19 Mar Remboursement des psychologues-psychothérapeutes par la LAMal : de soignant à expert ?
La LAMal va peut-être bientôt englober les prestations des psychothérapeutes non-médecins (on les appelle aussi psychologues)[1]. Cette reconnaissance fédérale induit des obligations liées au système de santé suisse, notamment vis-à-vis des assurances à travers rapports, diagnostics et preuves à fournir. Cette nouvelle position en est une d’expertise, donc de savoir. Et seuls les psychiatres ou formation jugée équivalente peuvent décider de prescrire une psychothérapie, juge la Société Suisse de Psychiatrie et Psychothérapie dans sa prise de position du 2 septembre 2019. Le médecin sait, on l’appelle traditionnellement docteur (du latin doctus « celui qui sait »). On ne dit pas des psychologues qu’ils sont docteurs[2], mais il arrive qu’on les appelle thérapeutes (du grec ancien θεραπευτής « serviteur, celui qui prend soin de quelqu’un »).
Et les docteurs semblent savoir que les thérapeutes ne savent pas. Dans l’émission de la RTS Forum du 11 septembre 2019, concernant leurs connaissances dans le système de santé psychique Sandrine Ghilardi, présidente du groupe des psychiatres et psychothérapeutes genevois interrompt Stephan Wenger, coprésident de la FSP : « je pense être un peu plus compétente ». On l’entend aussi dire « j’estime que les patients qui ont des problématiques psychiques ont droit à des prestations de qualité, c’est-à-dire qu’il y ait une indication qui soit posée par un médecin ». Sur leur blog, le Groupement des Psychiatres et Psychothérapeutes Vaudois écrit le 2 septembre 2019 : « Cette entrée dans la LAMal de non-médecins menace toute la profession« . Je me demande si la menace est d’associer des gens qui savent avec des gens qui ne savent pas. Je ne sais pas.
Heureux de l’accès facilité aux soins psychiques grâce à cette reconnaissance fédérale, je suis aussi craintif des conséquences d’une affiliation à un système de soins assujetti à l’expertise, aux rapports et aux diagnostics, une lourdeur administrative qui pourrait me faire perdre de vue la raison qui m’a poussé à choisir mon métier de thérapeute et me faire passer lentement et sans m’en rendre compte de celui qui prend soin à celui qui sait. En d’autres termes de devenir centré sur le savoir plutôt que sur la personne. Je crois profondément que l’effet de la thérapie repose essentiellement sur l’attitude relationnelle, et non pas sur un savoir théorique et une capacité de diagnostic des troubles.
De thérapeute à docteur ? Je ne sais pas.
Quelques commentaires sur cet article
J’ai écrit le texte que vous venez de lire en septembre 2019 dans le cadre d’une sélection pour devenir chroniqueur dans le Psychoscope, le magazine de la Fédération Suisse des Psychologues. Il n’a pas été retenu, ce qui m’a incité à développer mon ressenti ainsi que quelques réflexions par rapport au système de soin, en Suisse et ailleurs[3]. Le Conseil fédéral ayant décidé aujourd’hui même d’introduire le modèle de la prescription pour la psychothérapie effectuée par des psychologues et cela dès le 1er juillet 2022, le moment me paraît opportun pour partager ces réflexions.
Le modèle biomédical
Je suis inquiet par rapport au manque de liberté de choix qui existe aujourd’hui dans le domaine de ce qu’on nomme la santé mentale, et qui me semble s’accentuer en faveur du modèle biomédical. Ce modèle s’inscrit dans une logique où un acte médical spécifique (par exemple une opération chirurgicale ou une ordonnance médicale pour un médicament) découle d’un diagnostic spécifique. D’une manière générale ce modèle est très efficace et a fait ses preuves en médecine somatique.

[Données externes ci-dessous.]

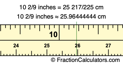 One inch is equal to 127/50 centimeters. Therefore, to get the fractional answer to 10 2/9 inches to cm, we multiply 10 2/9 inches by 127/50 and simplify if necessary.
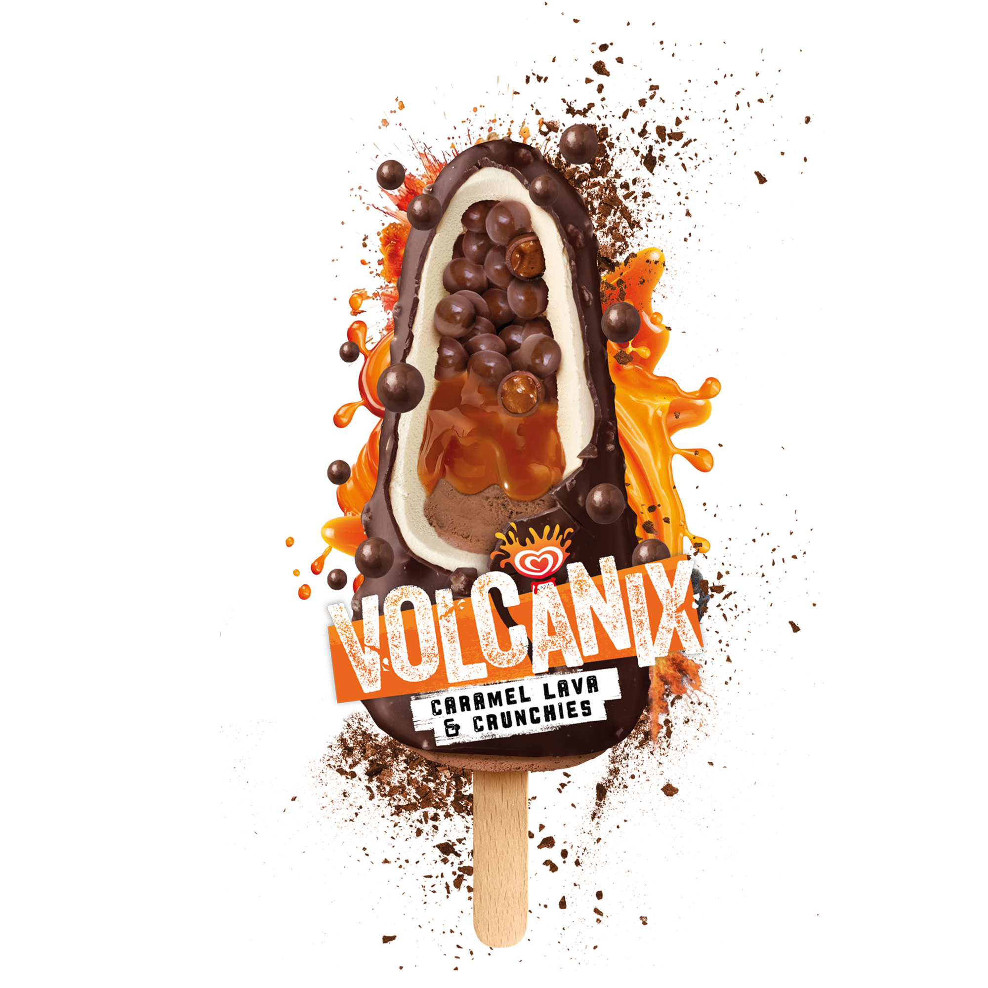 | En unik smakupplevelse i fem lager! Njut av sammetslen vanilj- och chokladglass, salt karamellsås, krispiga choklad-karamellkulor och knapriga kexbitar – allt täckt med läcker choklad. |
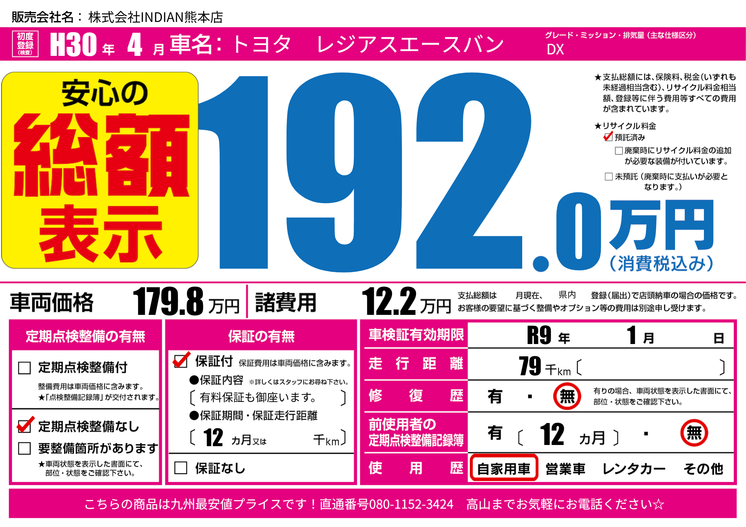 なし | 車検制限 | R9年1月---月 |

La psychothérapie est-elle un acte médical ?
Pour répondre à cette question, il faut tout d’abord distinguer la psychiatrie de la psychothérapie. La psychiatrie étant un domaine de la médecine, elle a hérité de ce modèle biomédical. Dans cette logique, elle fait correspondre un médicament à un diagnostic, et elle rend des comptes aux assurances qui demandent ces diagnostics ainsi que des pronostics de l’évolution de ce qu’elles nomment la maladie mentale. En outre, elle peut être pratiquée par toute personne ayant la formation adéquate, sans tenir compte de la qualité de la relation thérapeutique (or la corrélation entre la qualité de la relation thérapeutique et l’efficacité thérapeutique a été largement démontrée, ainsi que la différence d’efficacité de traitement selon thérapeutes et/ou client·e·s[4]). La notion de maladie mentale est également cohérente à l’hypothèse biomédicale : un acte spécifique découle d’un diagnostic spécifique fait par un·e expert·e d’une maladie spécifique. Mais cet a priori qu’un diagnostic spécifique peut être « solutionné » d’une manière similaire (à ce même microbe, je donnerai toujours ce même antibiotique) ne fait pas l’unanimité, car elle peine à s’ajuster à la complexité des processus et des difficultés encourues dans le domaine psychique. Certains modèles de psychothérapies postulent que la/le client·e est l’expert·e de sa souffrance (et non pas la/le thérapeute), d’où le « je ne sais pas » de l’article que je commente.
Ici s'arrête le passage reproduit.